You should be using ssh-agent
Posted by dkg on Mon 27 Sep 2010 at 20:18

If you're not using ssh-agent to authenticate yourself to SSH servers, you should be. (i'm assuming you're already using PubkeyAuthentication; if you're still using PasswordAuthentication, ChallengeResponseAuthentication or KbdInteractiveAuthentication, fix that please).

You should use ssh-agent for a number of reasons, actually, but the simplest is this: when you authenticate to a text-based channel on a remote server, you should never have to type anything about that authentication into the channel that will eventually be controlled by the remote server.

That's because a malicious server could simply accept your connection as an anonymous connection and print out the exact prompt you're expecting. Then, whatever you're typing goes into the remote server instead of into your authentication scheme. and congrats, you just gave away the passphrase for your key.

With ssh-agent, you talk first to your agent. Then, you talk to the server and your ssh client talks to the agent. Your keys and your passphrase are never exposed.

the second reason is that the agent is a much smaller piece of code than the ssh client, and it doesn't talk to the network at all (unless you force it to). It holds your key and never releases it to querying processes; It even runs in a protected memory space so other processes can't peek at it.

So if this protected, isolated agent is what holds your key, you're in much better shape than if a non-protected, larger, network-active process (the ssh client) has direct access to your secret key material.

The third reason is that it's just more convenient -- you can put a key in your agent, and ask it to prompt you when its use is requested. you don't actually need to re-type your passphrase each time. you can just hit enter or type "yes".

And if that scares you security-wise then you can put the key in for a limited period of time, as well.

(btw, you should be using the ssh-agent that ships with OpenSSH, probably not the implementation offered by gnome, which doesn't offer a confirmation prompt, doesn't run in protected memory space, and links in a ton more libraries)

So how do you use the agent? It's probably already installed and running on your computer if you run a desktop with debian or another reasonable free operating system.

Query what keys are in your agent:

0 dkg@pip:~$ ssh-add -l
The agent has no identities.
1 dkg@pip:~$ 

Add a standard OpenSSH secret key to your agent, prompting for confirmation before each use:

0 dkg@pip:~$ ssh-add -c ~/.ssh/id_rsa
Enter passphrase for /home/dkg/.ssh/id_rsa: your nice long passphrase here
Identity added: /home/dkg/.ssh/id_rsa (/home/dkg/.ssh/id_rsa)
The user must confirm each use of the key
0 dkg@pip:~$ 
(if you drop the -c, you will not be prompted at each use)

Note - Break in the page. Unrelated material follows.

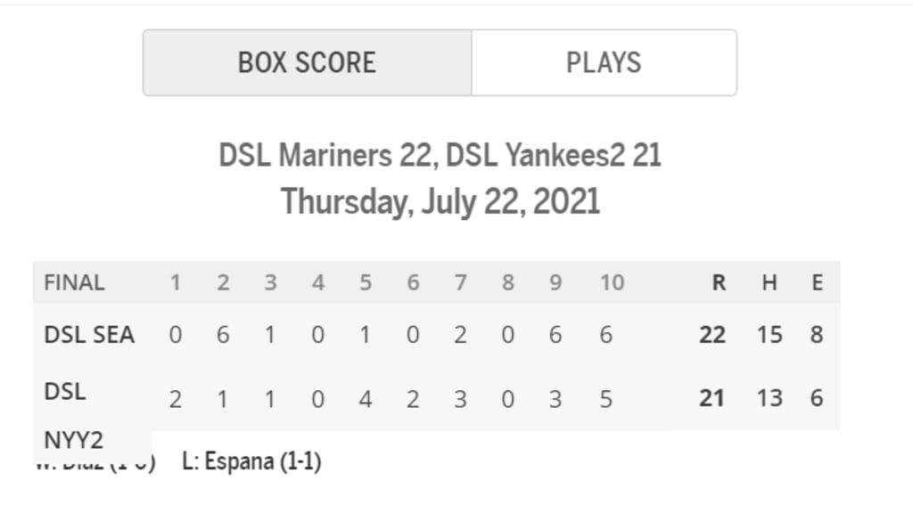 Imagine no more, because that's what the box score looked like after one of the wildest baseball games on record -- the Dominican Summer League Mariners defeated the DSL Yankees, 22-21, in 10 innings on Thursday night, and it was as crazy as it sounds.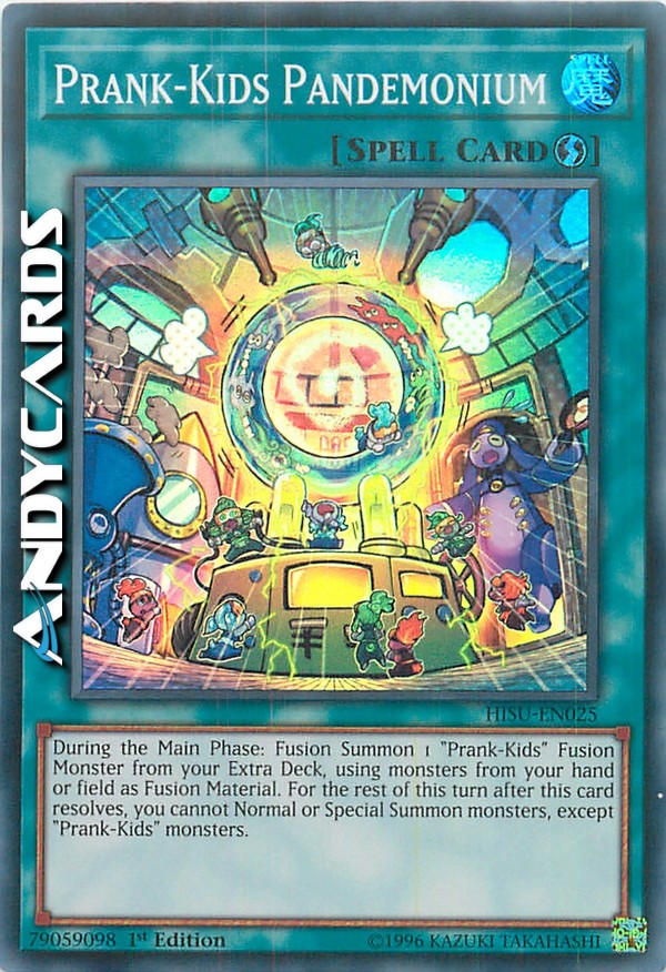 During the Main Phase: Fusion Summon 1 "Prank-Kids" Fusion Monster from your Extra Deck, using monsters from your hand or field as Fusion Material. For the rest of this turn after this card resolves, you cannot Normal or Special Summon monsters, except "Prank-Kids" monsters.

Add a standard OpenSSH secret key to your agent, with a lifespan of one hour (3600 seconds)

0 dkg@pip:~$ ssh-add -t 3600 ~/.ssh/id_rsa
Enter passphrase for /home/dkg/.ssh/id_rsa: your nice long passphrase here
Identity added: /home/dkg/.ssh/id_rsa (/home/dkg/.ssh/id_rsa)
Lifetime set to 3600 seconds
0 dkg@pip:~$ 
(note that you can combine the -t $SECONDS and -c flags to get key that is time-constrained and requires a confirmation prompt at each use)

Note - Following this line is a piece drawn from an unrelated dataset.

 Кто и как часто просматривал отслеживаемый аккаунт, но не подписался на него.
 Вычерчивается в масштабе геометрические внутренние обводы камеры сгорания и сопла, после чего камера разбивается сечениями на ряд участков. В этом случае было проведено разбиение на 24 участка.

Add a monkeysphere-style key (an authentication-capable subkey from your GnuPG secret keyring) to the ssh-agent (this will prompt you for your GnuPG passphrase with a graphical ssh-askpass program during this keyload, if such a program is available), for one hour:

0 dkg@pip:~$ monkeysphere subkey-to-ssh-agent -t 3600
Identity added: Daniel Kahn Gillmor <dkg@fifthhorseman.net> (Daniel Kahn Gillmor <dkg@fifthhorseman.net>)
Lifetime set to 3600 seconds
0 dkg@pip:~$ 
If you don't already have such a subkey, but you want to use the monkeysphere, you'll need to run monkeysphere gen-subkey to create one first.

Note also that you can use both -c and -t $SECONDS with monkeysphere subkey-to-ssh-agent, just like they are used with ssh-add.

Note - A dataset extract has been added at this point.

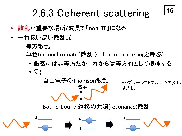 2. 6. 3 Coherent scattering 17 Coherently scattering medium 単色、bound-boundの吸収係数は、 = photon destruction + photon scattering ちなみに、 連続光の吸収係数= 「(bound or free)-free」 + 「Thomson or Rayleigh scattering」 自由電子や粒子による光の散乱

Remove all keys from your running agent:

0 dkg@pip:~$ ssh-add -D
All identities removed.
0 dkg@pip:~$ 

I hope this is helpful to people!

 

Comments on this Entry

Posted by Anonymous (82.238.xx.xx) on Mon 27 Sep 2010 at 23:33
Aren't you concerned with a sysadmin impersonating you and reusing your agent, by setting the proper environnement variables after doing a su ?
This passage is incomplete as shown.